There is some kind of neglect that sits in the hearts of most human beings. The coldest part of the heart, it is often the smallest and the blackest. It can be a sort of neglect or dislike for animals. Or a certain personality trait detected in people. It can even be a dislike for elder people, or young children. However, regardless of the neverending variety of hate this world and it's people hide away in a secretive bundle, I feel that I have experienced the true warmth and kindness a heart was said to drip with.

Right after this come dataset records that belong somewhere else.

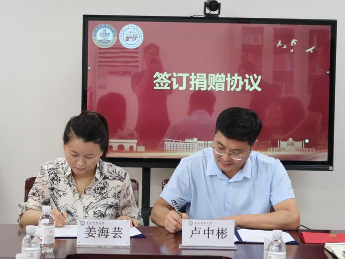 仪式上,青岛泓川化工有限公司总经理姜海芸与太阳集团网站8722合作发展处副处长兼校友办公室副主任卢中彬签订捐赠协议。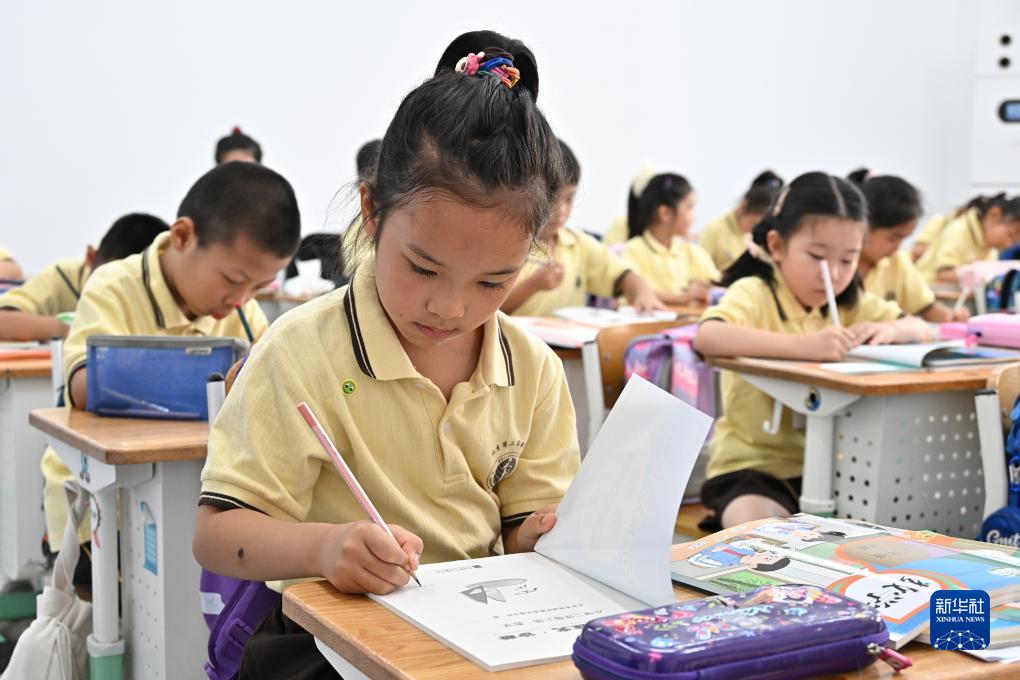 9月1日,北京第二實驗小學涭水河分校二年級1班的學生在新課本上寫上自己的名字。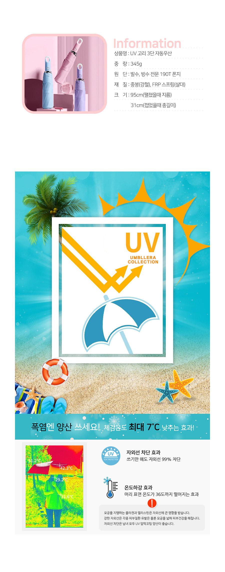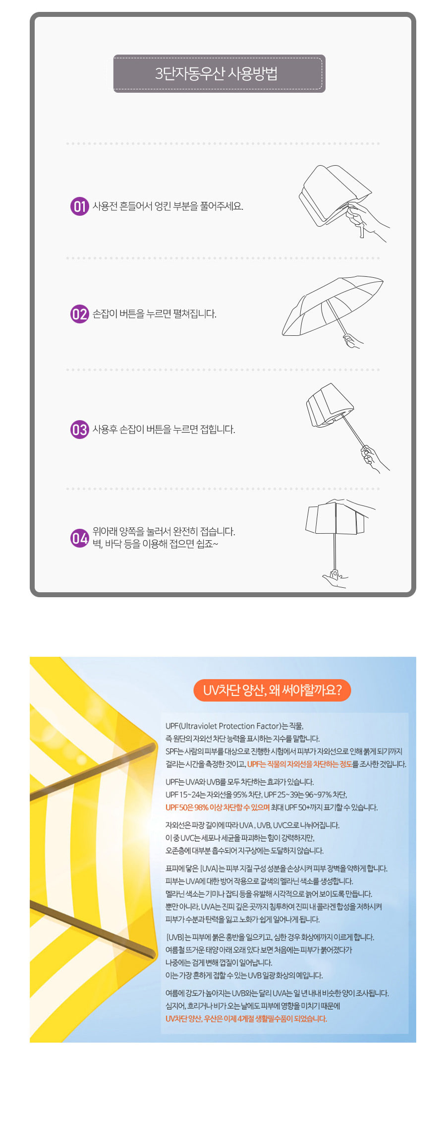 1+1(2PACK) 고리 3단자동우산 암막양산 우양산 무료배송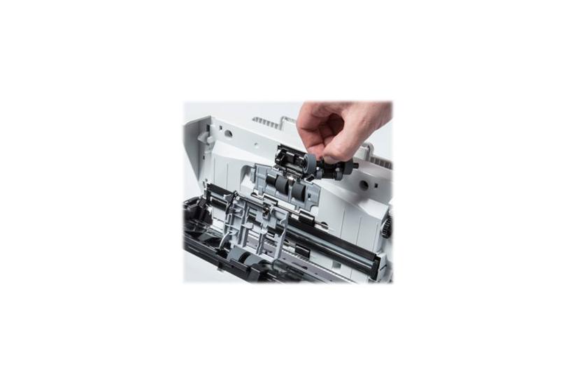PRK‑A3001 Scannerrullepakke indeholder fire udskiftningsruller i grå plast, som holder scanneren i drift ved udskiftning af slidte ruller. Rullerne er dimensioneret til at passe i de angivne scanner‑modeller ADS‑2200 og ADS‑270W, hvilket muliggør hurtig og problemfri udskiftning uden justering af mekanikken. Hver rulle vejer 117 g, og den samlede pakke vejer 140 g, med en højde på 115 mm, bredde på 35 mm og dybde på 192 mm, så den let kan opbevares i en standard kontorindretning.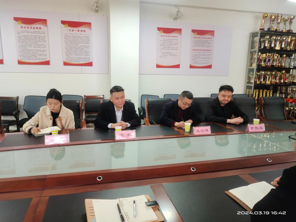 2024年 3 月 19日下午 ,华宏汽车集团股份有限公司领导胡君、王海风等一行来到万象城allwincity官网调研,副院长王东升主持了此次会议。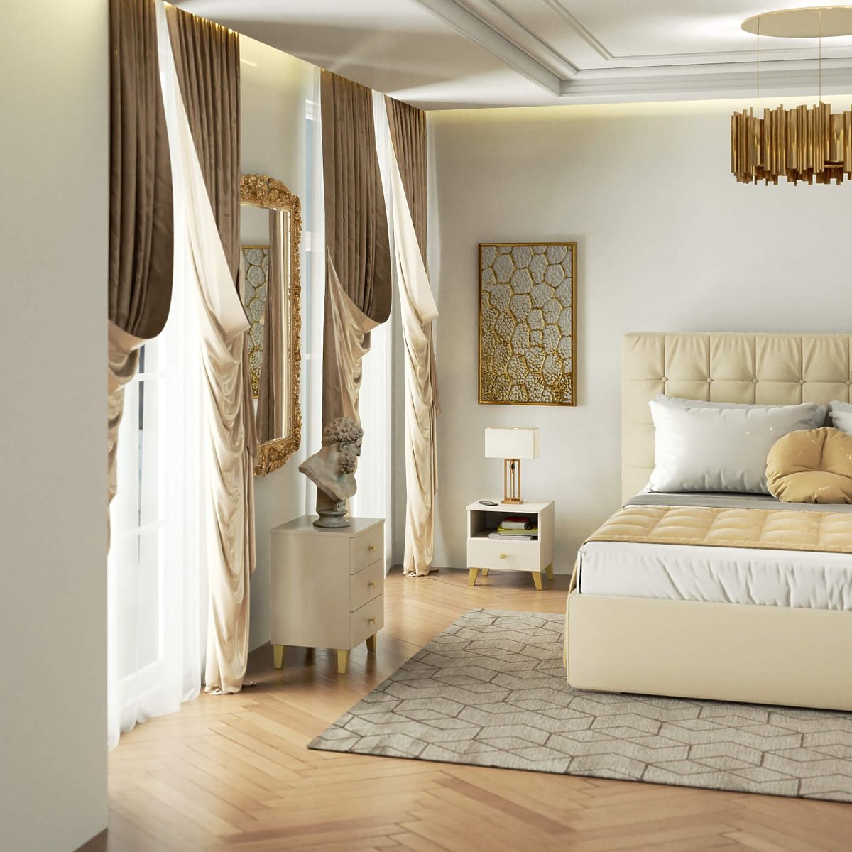 - moderan izgled - namještaj je jednostavan u obliku, privlači zanimljivom kombinacijom boja kašmira sa zlatom,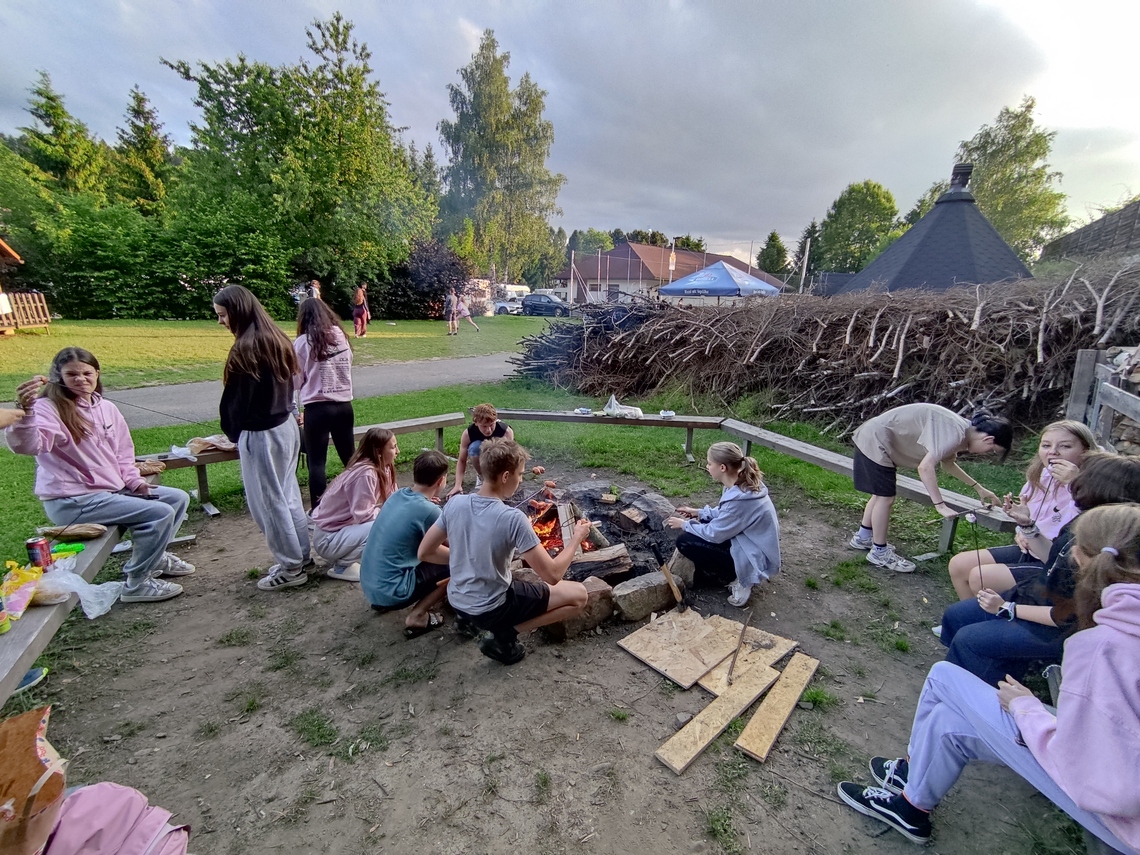 Po příjezdu a ubytování v chatkách jsme vyrazili na výšlap k Jurkovičově rozhledně, odkud se nám naskytl krásný výhled do okolí. Po návratu jsme si zahráli minigolf. Po večeři následovala krátká pauza na odpočinek, a ve 20:00 jsme zahájili společné opékání špekáčků a marshmallow. Celý večer se nesl v pohodovém duchu a díky tomu, že se žáci chovali opravdu vzorně, byla jim posunuta večerka.
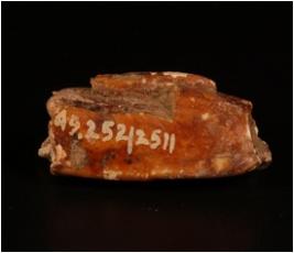 | Description / विवरण | Fragment of bone channels on surface. Painted with red colour. |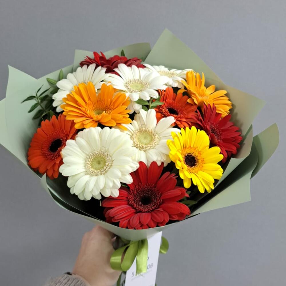 герберы разноцветные – 13 шт.
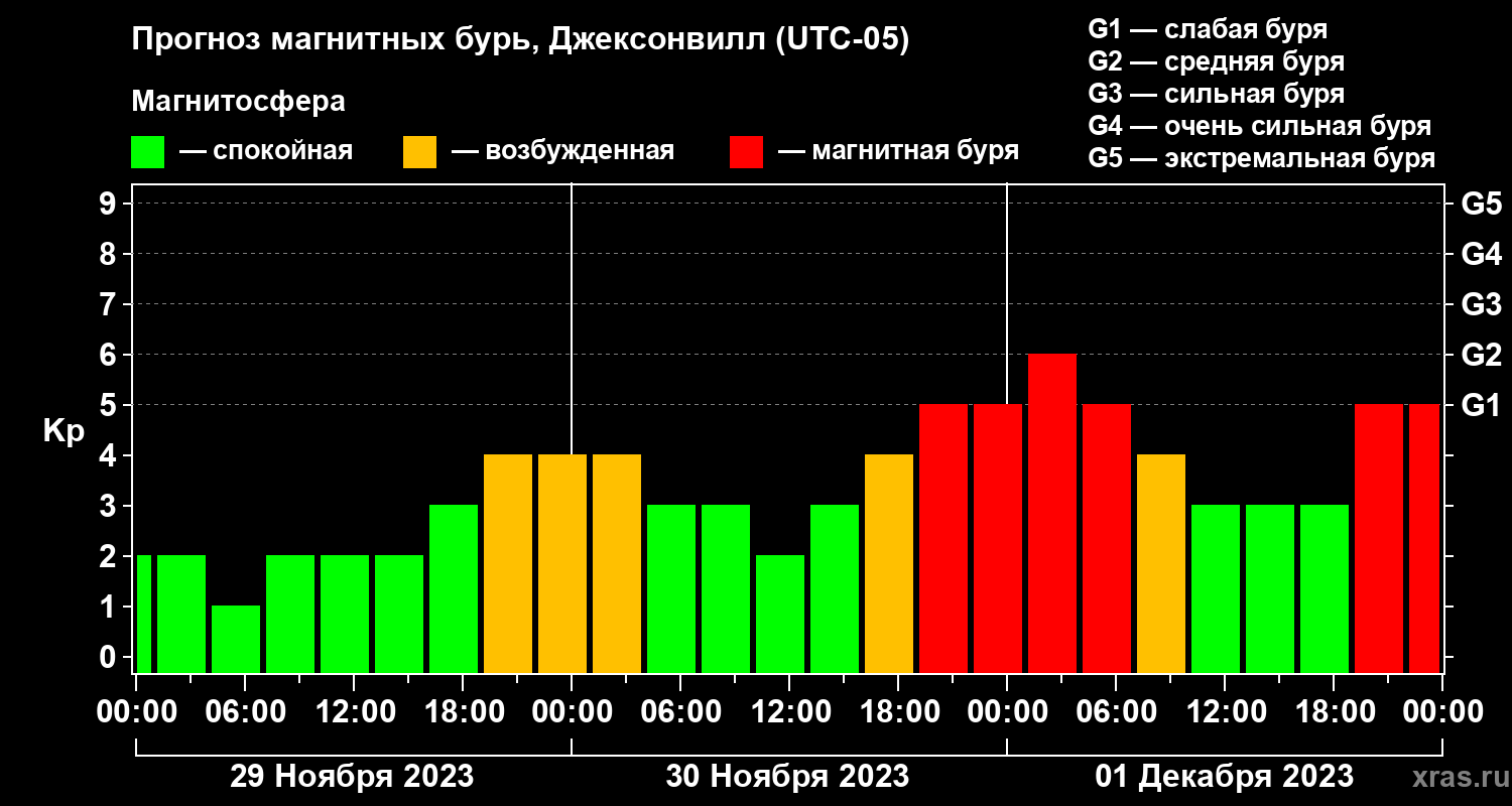 Прогноз магнитных бурь в Джексонвилле на 29 ноября 2023 года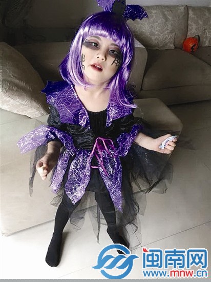 女汉子被妈妈装扮成蜘蛛精 特写2:4岁女汉子变蜘蛛精 每年10月31日万圣节是西方传统节日,可以说是西方的“中元节”,也就是鬼节。当晚小孩会穿上化妆服,戴上面具,挨家挨户收集糖果。 昨天上午,泉州东湖幼儿园也精心为孩子们筹备了这个节日。陈女士一星期前就接到幼儿园老师的通知,特别在网上为四岁的女儿淘了套“蜘蛛精”的衣服。她说,其他女孩子肯定都会梦幻着“白雪公主”或“灰姑娘”的造型,她得让自己的女儿有点不一样,要不就太不衬她那“女汉子”的形象了。 孩子们在老师的带领下,也玩起“发糖果”的游戏。幼儿园方希望孩子们在这种节日氛围中,能多了解一些异域习俗;通过扮演不同角色,丰富孩子们的想象力。 |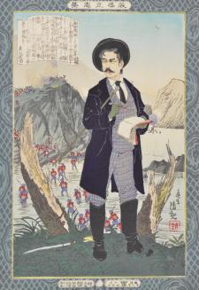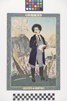 DescriptionPortrait of the journalist Fukichi Gen'ichiro reporting on the Satsuma Rebellion in 1877. He is shown with a notebook and brush in hand, wearing a Western style plaid suit, black jacket, and hat. Meiji troops ford the water behind him to engage the rebels atop a rocky cliff. A great image of a modern Japanese man.Status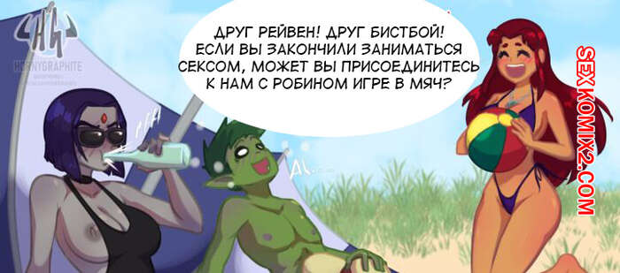 Порно комикс Teen Titans. День на пляже. Raven x Beast Boy x Starfire. Hornygraphite Во время отдыхала на пляже у парня Зверя встал член и он обратился за помощью к Рейвен. Красотка отсосала большой хуй своего дружка и дала ему себя выебать, после чего к ним присоединилась Старфайр и они занялись групповой еблей.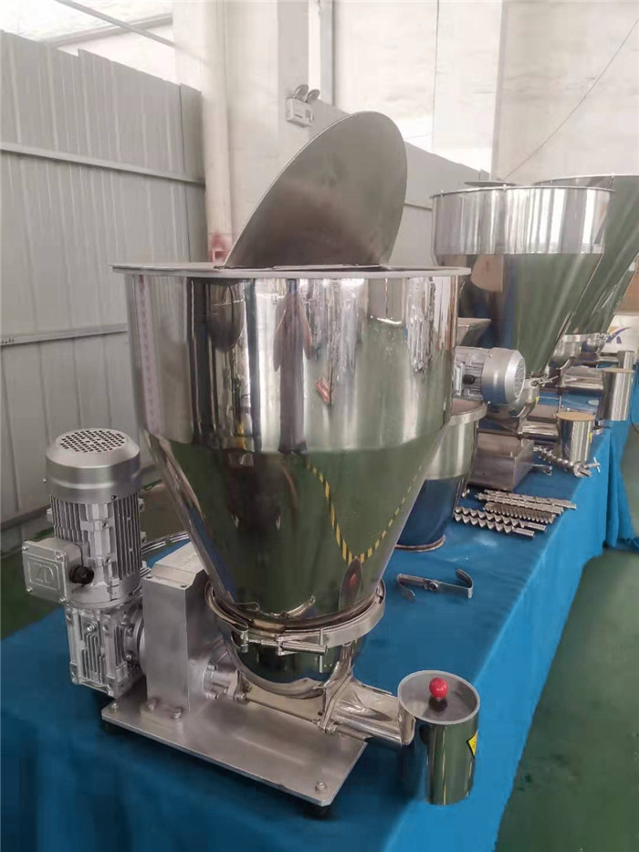 失重式喂料機(jī)由料斗、喂料器(單、雙軸螺旋喂料器)、稱重系統(tǒng)和調(diào)節(jié)器組成,在操作中,料斗、物料和喂料器共同連續(xù)地進(jìn)行稱重。隨著物料送出后,測(cè)量真實(shí)的失重速率,并將它與所需要的失重速率(設(shè)定值)加以比較。通過(guò)調(diào)解喂料器速率來(lái)自動(dòng)修正偏離設(shè)定點(diǎn)的偏值。從而可以均勻準(zhǔn)確地連續(xù)喂送物料。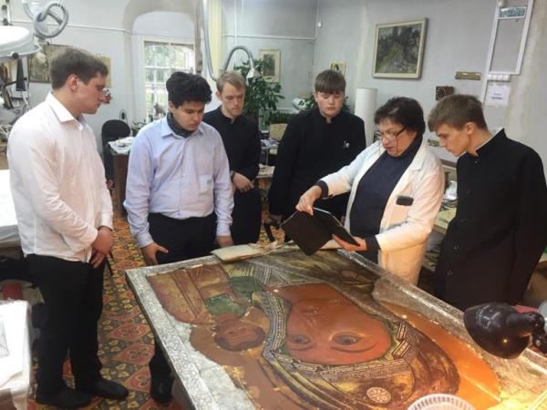 15 сентября 2022 года воспитанники подготовительного курса Ярославской духовной семинарии вместе с первым проректором иеромонахом Сергием (Барабановым) посетили храма Илии Пророка и государственную реставрационную мастерскую.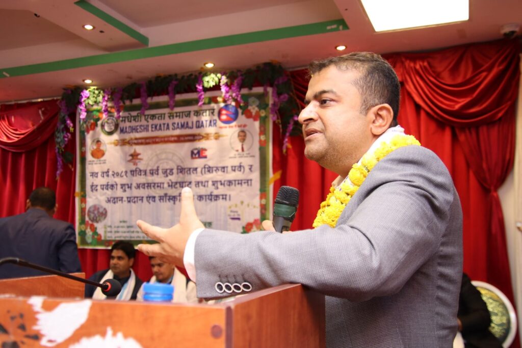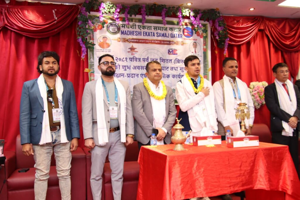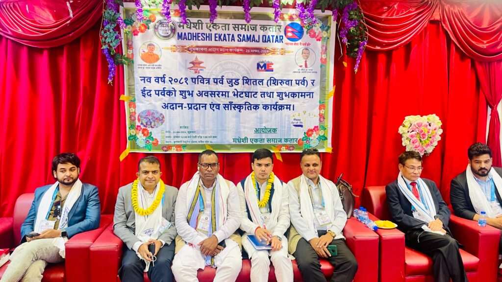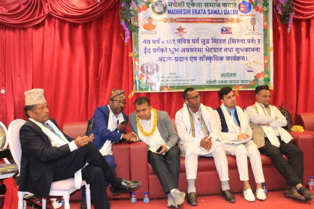 काठमाडौं, वैशाख १६ गते । मधेशी एकता समाजको कतार शाखाले यस वर्षको नयाँ वर्ष, जुडशीतल तथा ईद पर्वको अवसरमा शुभकामना आदानप्रदान तथा बृहत् सांस्कृतिक कार्यक्रम आयोजना गरेको छ । बैशाख १४ गते शुक्रबारको दिन समाजको कतार शाखाले दोहाको सनैयास्थित फुलवारी रेस्टुरेन्टको सभाहलमा भव्य कार्यक्रम आयोजना गरेको हो ।

For I am a person focused strongly in the dislike of most minds and hearts; a man of worthlessness and nothing, with no home, no possestions and found sitting on the street, trying to collect money for a meal or two. There were compassionate people of course, the ones that certainly did not mind sparing a few dollars for the less fortunate. However, there were also the cold hearted, ruthless city dwellers. People who often take a glance at me, before becoming disgruntled by my haggard appearance, and walking on, almost as if fooling themselves into thinking that myself and others lined up beside me were not in need. However, generousity had never before been experienced, until I met him. For when I met him, the course of my life's emotional track began to run a little smoother...It was the day I wrote the song.
It's a little bit funny,
This feeling inside.
I'm not one of those who can,
Easily hide.
I don't have much money,
But, boy if I did,
I'd buy a big house where,
We both could live.
It was a cold day in midwinter, gentle flakes of crisp, white snowflakes floated down from the clouds, staying airborne for barely seconds before they dissolved to the pavement underneath everyone's shoes.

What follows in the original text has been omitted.